Walt Disney was a huge proponent of the '64-65 fair, developing rides and technology still used today in some of the most beloved attractions at Disney parks. "It's a Small World" was developed for the fair's Pepsi pavilion. "Progressland" was a beloved attraction from the fair, which theme park fans now know as "Carousel of Progress." Some of the Dinosaur animatronics from the "Ford's Magic Skyway" attraction still can be seen on the Disneyland Railroad's Primeval World diorama. There are many more Disney contributions that found their way into the parks, and perhaps Disney World itself wouldn't exist had Walt decided to follow through with his idea of buying the World's Fair grounds.
The fair was not sanctioned by the Bureau of International Expositions, so it wasn't officially a "World's Fair," but that wasn't going to stop it. Robert Moses, a New York visionary and somewhat of a polarizing character, was the head of the corporation established to run the fair. Anyone who knows of Robert Moses, whether you like him or not, knows he got things done. Although the fair was not considered a financial success, it had a large effect on New York City's infrastructure. For such a big event, roads must be built, along with mass transportation options. The Flushing Meadows Corona Park was a tidal marsh before the '39-40 World's Fair, and was only finally able to be completely transformed into the park Moses envisioned for the '64-65 fair.

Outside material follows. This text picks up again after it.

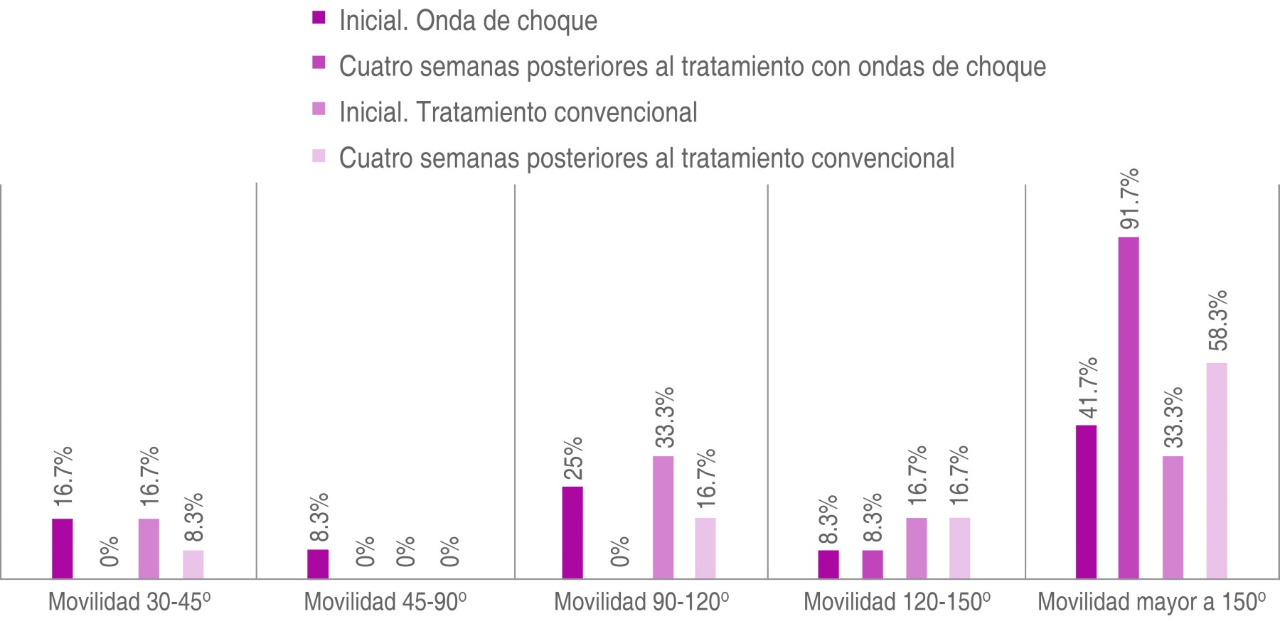En el grupo experimental, se observó una reducción significativa del dolor en la mayoría de los pacientes tras el tratamiento con ondas de choque, acompañado de mejoras funcionales en fuerza muscular y movilidad. La puntuación global en la escala de UCLA mostró que el 83.4% de los pacientes alcanzaron una calificación buena o excelente al finalizar el protocolo. Además, 91.7% lograron flexión anterior mayor a 150°, y el 66.7% alcanzó fuerza muscular normal.

Not much of the fair remains at the park today. Some of the art pieces designed for the fair are still on display, such as the Unisphere, the fair's iconic globe that sat in the middle of the action. One of my favorites was the "The Rocket Thrower," a statue in the park of a man reaching for the stars, signifying man's exploration into space. The New York display building is now the Queens Museum, an art museum with an original large diorama of New York City from the fair still intact. It also has a wing dedicated to the fair's history with lots of memorabilia, pictures and videos on display. One interesting tidbit of information is that the New York building was a temporary home to the United Nations, before it moved to Manhattan in 1952.
Will a World's Fair ever come back to New York? It seems highly unlikely, due to the fact that both fairs in New York were not financially successful. I could only imagine the traffic. Though with the large amount of attendance this event received, it seems that the public is not only interested in the history but would embrace the new fair with open arms. I know I for one would love to see it. Until then, the event was an interesting showcase and I would recommend anyone interested in the fair to read up on it. I hope some of these photos help illustrate how amazing the fair must have been. We owe a lot of the joy we've experienced at theme parks to the fair.